Neun von zehn Tieren, die mit ins Bett dürfen, tun dies täglich oder zumindest mehrmals pro Woche. Interessanterweise darf nur jedes vierte Kind regelmäßig bei seinen Eltern schlafen. Das jedenfalls sagt eine vergleichbare Umfrage der Apothekenzeitschrift “Baby und Familie”.

Doch Vorsicht! Hund und Katze sind nicht immer alleine unterwegs, sondern bringen ungeladene Gäste mit. Gemeint sind Flöhe, die sich gern im Fell von Hund und Katze tummeln und unbemerkt in Haus und Schlafzimmer gelangen. Dort und in der ganzen Wohnung finden sie beste Bedingungen, um sich hemmungslos zu vermehren. Ein weiblicher Floh kann bis zu 40 Eier am Tag legen. Lediglich fünf Prozent dieser Nachkommenschaft schlagen ihr Quartier im Fell des Tieres auf, der Rest verteilt sich in Form von Eiern, Larven und Puppen in der unmittelbaren Umgebung des Haustieres – also auch in Ihrem Bett.

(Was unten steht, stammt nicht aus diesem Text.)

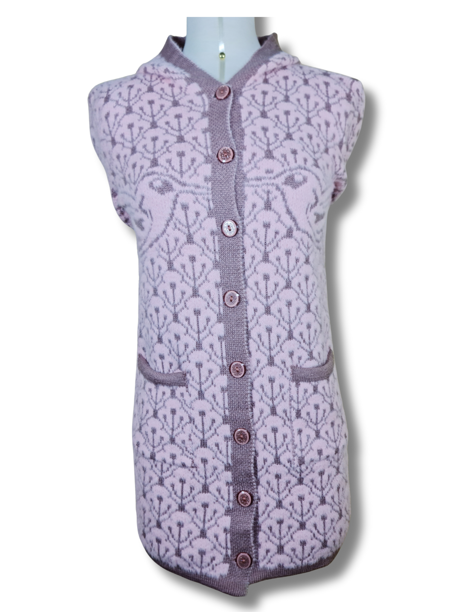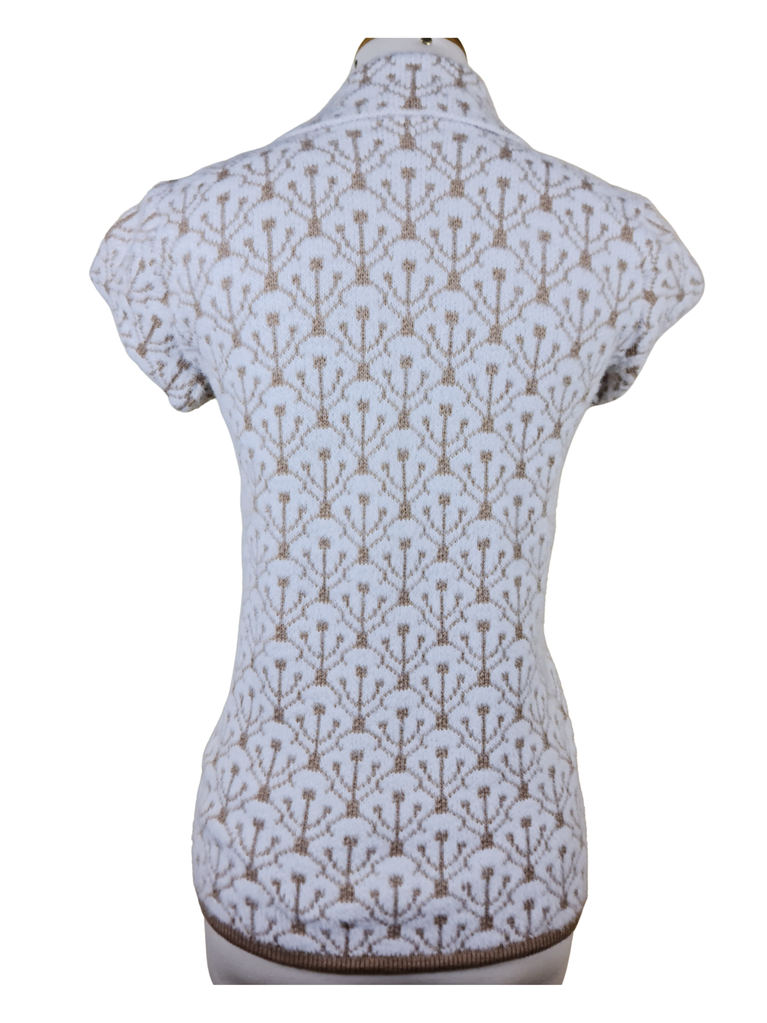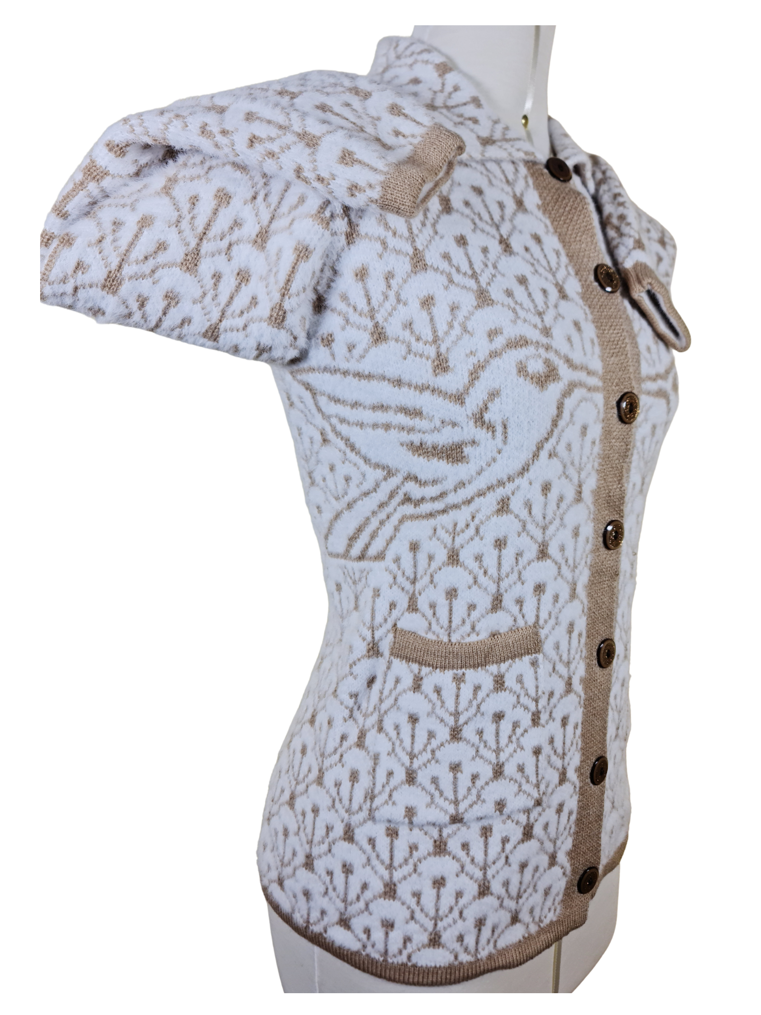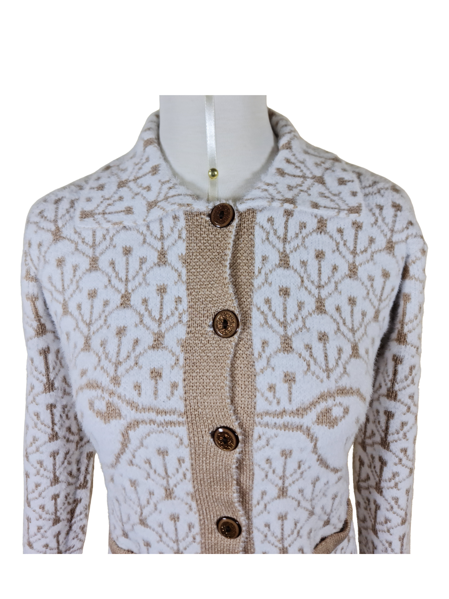 Presentamos este cárdigan de lana, perfecto para la temporada de frío. Destaca por su diseño tejido Jacquard , creando un patrón ornamental muy atractivo. Tiene un cuello de solapa elegante, cierre de botones en color a juego y bolsillos frontales. Es una prenda cómoda y versátil que añade un toque vintage y dulce a cualquier conjunto.

Besonders kritisch ist der Herbst. Flöhe mögen es warm und machen sich auf die Suche nach einem geeigneten Winterquartier. Ein kuscheliges Bett kommt da gerade recht. Alle im Haushalt lebenden Hunde und Katzen sollten deshalb rechtzeitig und langfristig gegen Flohbefall behandelt werden. Geeignet zur Bekämpfung ist die Kombination von Präparaten, die sowohl erwachsene Flöhe als auch Eier und Larven erfassen. Sollten sich Flöhe im Bett bereits häuslich eingerichtet haben, muss auch das in die Bekämpfungsmaßnahmen einbezogen werden. Frische Bezüge allein reichen aber nicht aus. Flöhe wird man nur mit einer gründlichen Reinigung der gesamten Wohnung wieder los.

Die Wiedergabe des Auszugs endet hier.